## [Source data]
- - -
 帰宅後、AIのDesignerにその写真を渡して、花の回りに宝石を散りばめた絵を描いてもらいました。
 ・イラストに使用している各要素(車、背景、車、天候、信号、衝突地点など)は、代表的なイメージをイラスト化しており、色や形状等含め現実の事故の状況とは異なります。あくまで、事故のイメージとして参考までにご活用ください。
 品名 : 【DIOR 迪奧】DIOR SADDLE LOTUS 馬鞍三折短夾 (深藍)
- - -
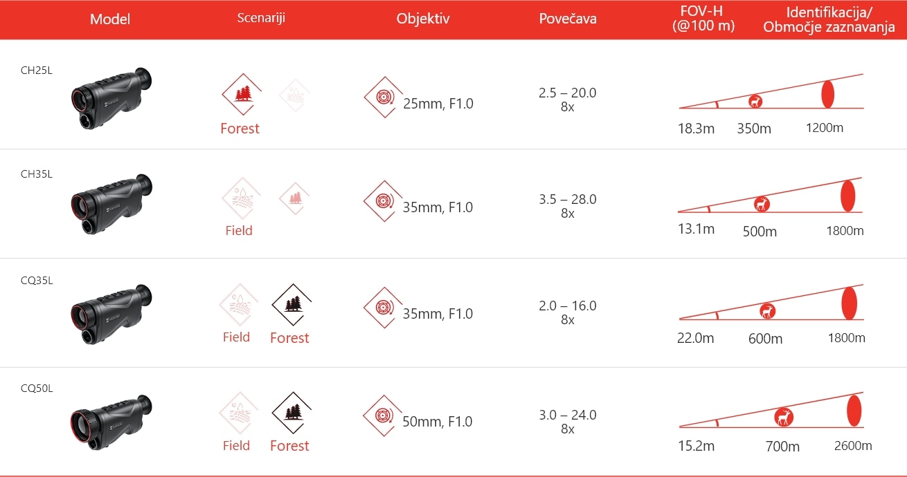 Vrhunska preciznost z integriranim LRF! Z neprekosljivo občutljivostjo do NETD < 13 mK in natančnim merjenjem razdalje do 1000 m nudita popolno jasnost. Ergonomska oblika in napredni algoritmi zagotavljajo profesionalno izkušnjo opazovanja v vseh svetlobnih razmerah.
- - -
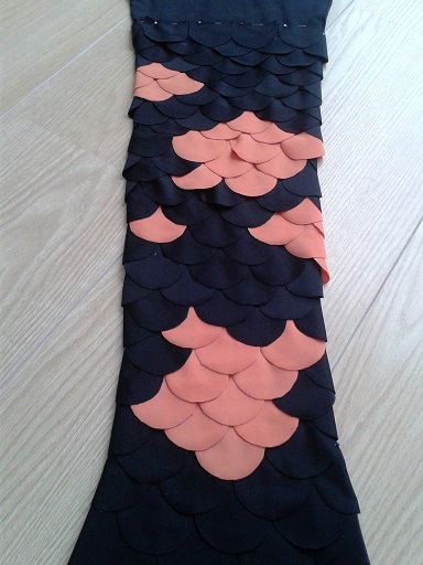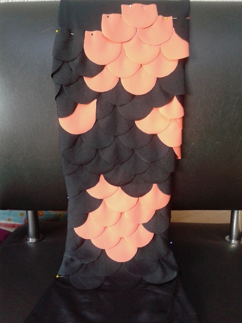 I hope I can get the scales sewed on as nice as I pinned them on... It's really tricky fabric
- - -
## [What you will do]
Beginning with the line holding "帰宅後、AIのDesigne" and ending with the line holding "品名 : 【DIOR 迪奧】DIOR SADDLE LOTUS 馬鞍三折短夾 (深藍)", write out the stretch of material above exactly; add no further lines.

## [Solution to this task]
 帰宅後、AIのDesignerにその写真を渡して、花の回りに宝石を散りばめた絵を描いてもらいました。
 ・イラストに使用している各要素(車、背景、車、天候、信号、衝突地点など)は、代表的なイメージをイラスト化しており、色や形状等含め現実の事故の状況とは異なります。あくまで、事故のイメージとして参考までにご活用ください。
 品名 : 【DIOR 迪奧】DIOR SADDLE LOTUS 馬鞍三折短夾 (深藍)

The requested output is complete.